Provided data Block Start

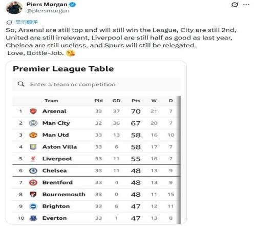 作為知名槍迷,摩根在社媒發(fā)文力挺阿森納,他堅(jiān)定表示:“阿森納依舊穩(wěn)居榜首,依然將贏得聯(lián)賽冠軍。曼城還是第二,曼聯(lián)依然無(wú)關(guān)緊要;利物浦還是實(shí)力只剩去年一半;切爾西依舊一無(wú)是處;熱刺依然遲早降級(jí)?!?/p>
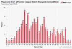据Opta统计,英超历史上有49%的球员与米尔纳同场竞技过,以队友或对手的身份。另外,米尔纳在英超与281位不同的队友并肩作战,这些队友出生的年份跨度从1968年至2007年。
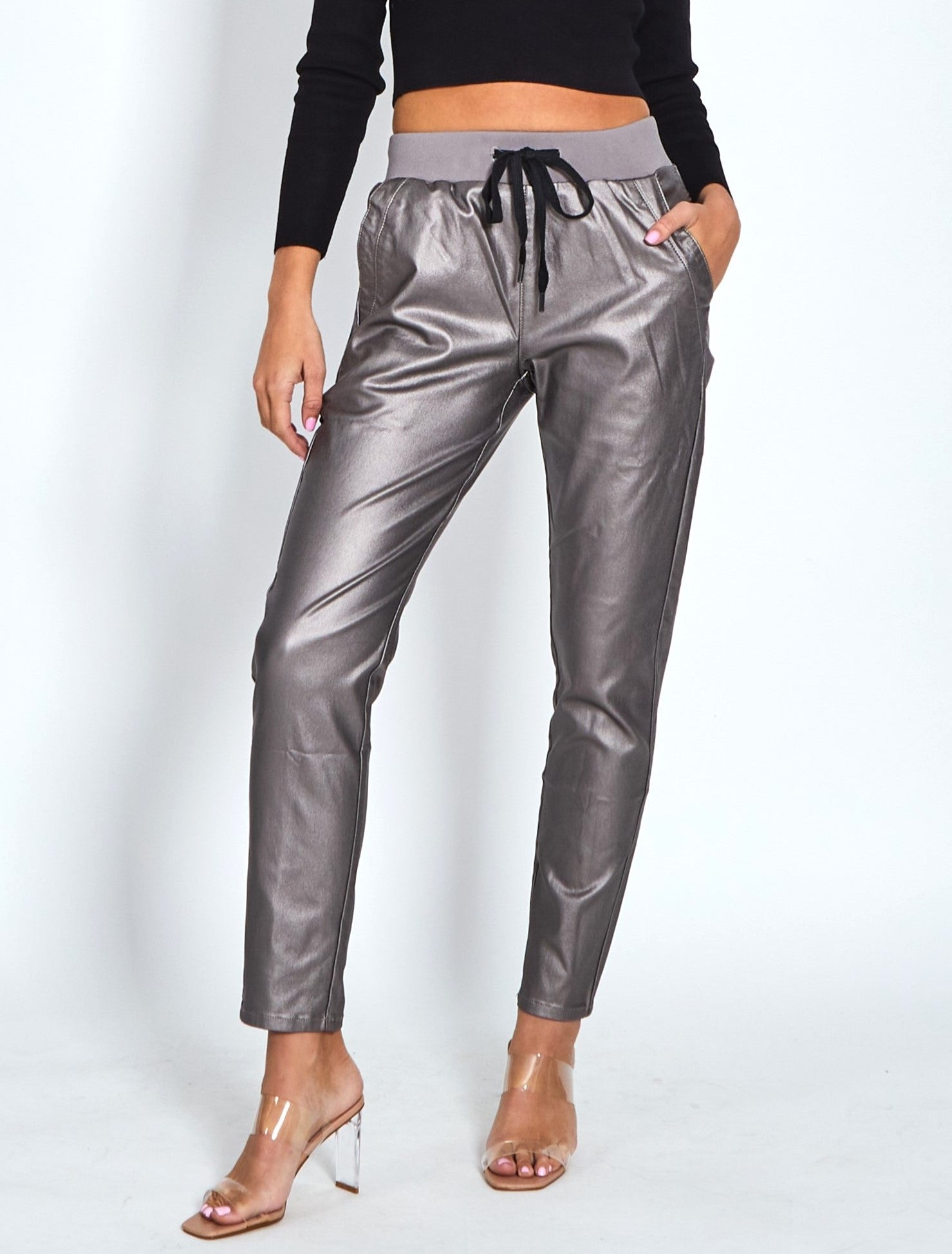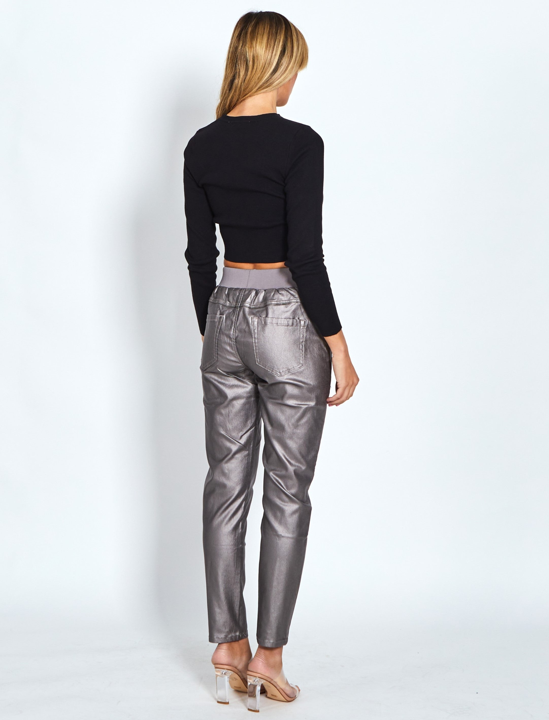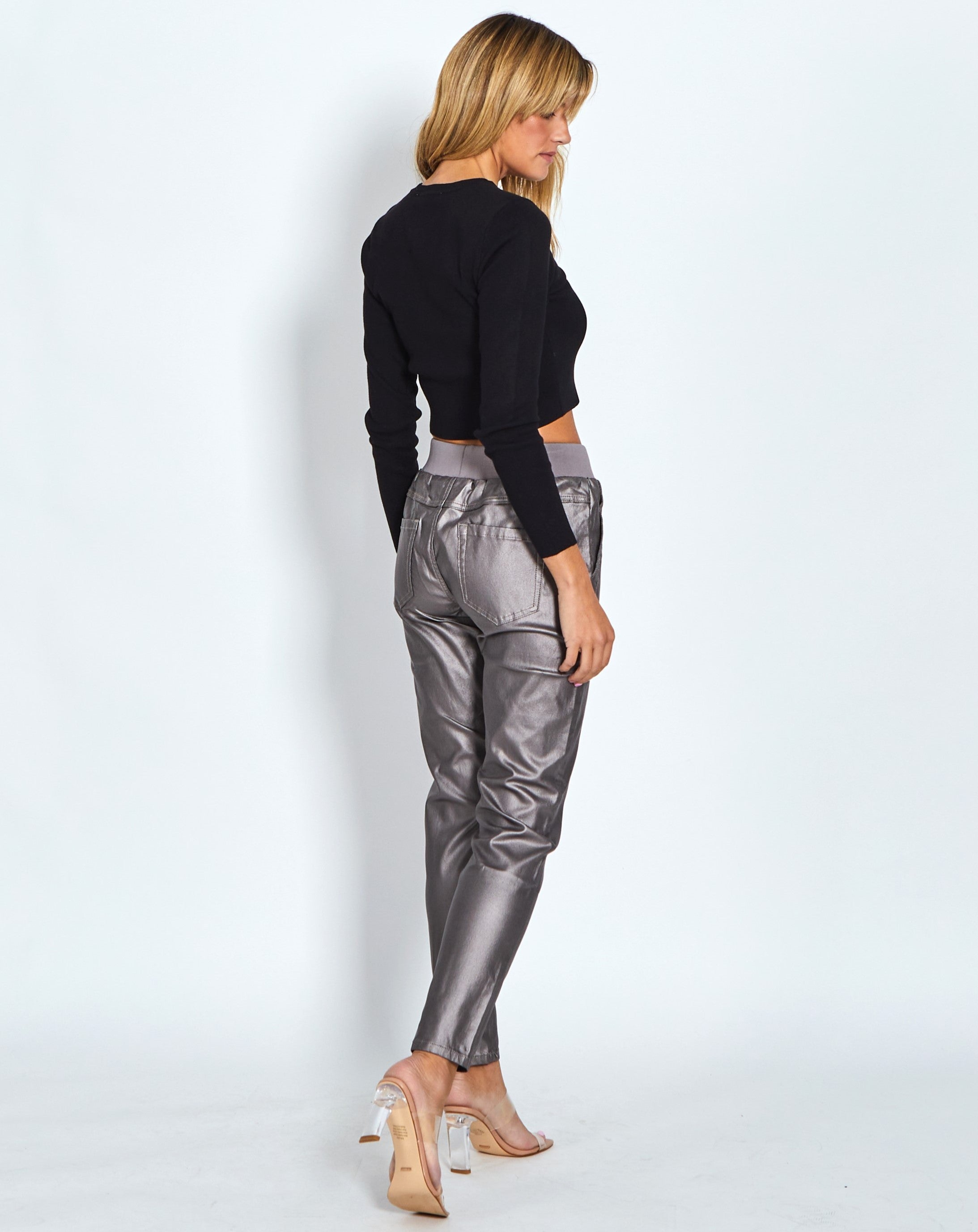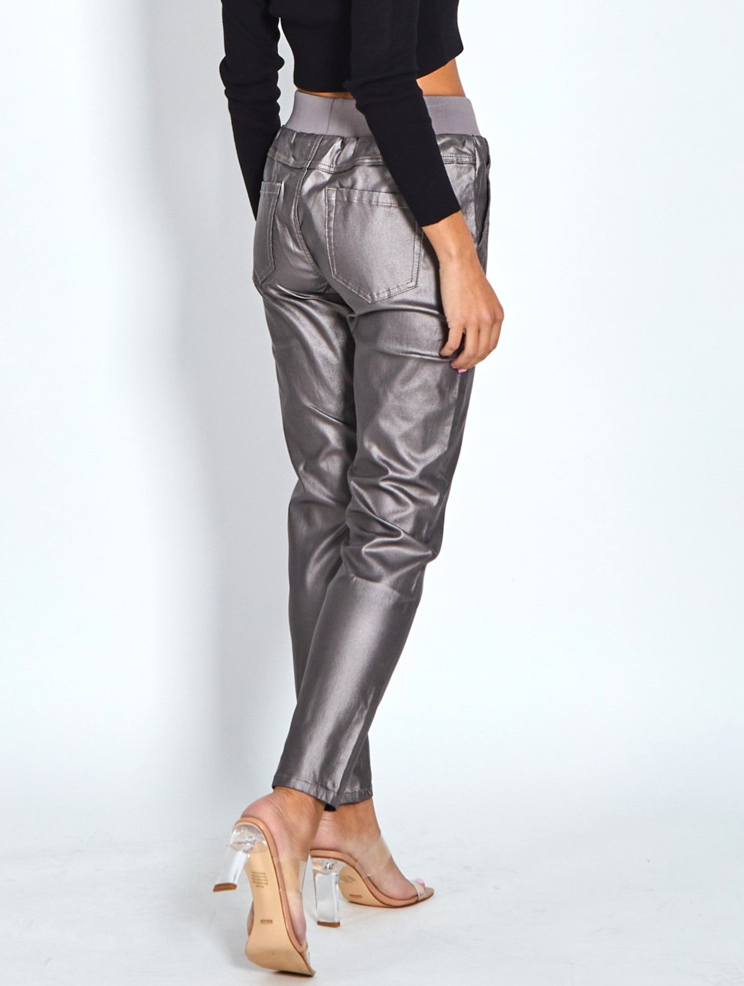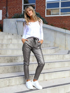 Riley Denim Joggers Wax Look - Pewter

Provided data Block End

# About this task
Please set down the whole listing above exactly and skip every picture.

# Response
 作為知名槍迷,摩根在社媒發(fā)文力挺阿森納,他堅(jiān)定表示:“阿森納依舊穩(wěn)居榜首,依然將贏得聯(lián)賽冠軍。曼城還是第二,曼聯(lián)依然無(wú)關(guān)緊要;利物浦還是實(shí)力只剩去年一半;切爾西依舊一無(wú)是處;熱刺依然遲早降級(jí)?!?/p>
据Opta统计,英超历史上有49%的球员与米尔纳同场竞技过,以队友或对手的身份。另外,米尔纳在英超与281位不同的队友并肩作战,这些队友出生的年份跨度从1968年至2007年。
 Riley Denim Joggers Wax Look - Pewter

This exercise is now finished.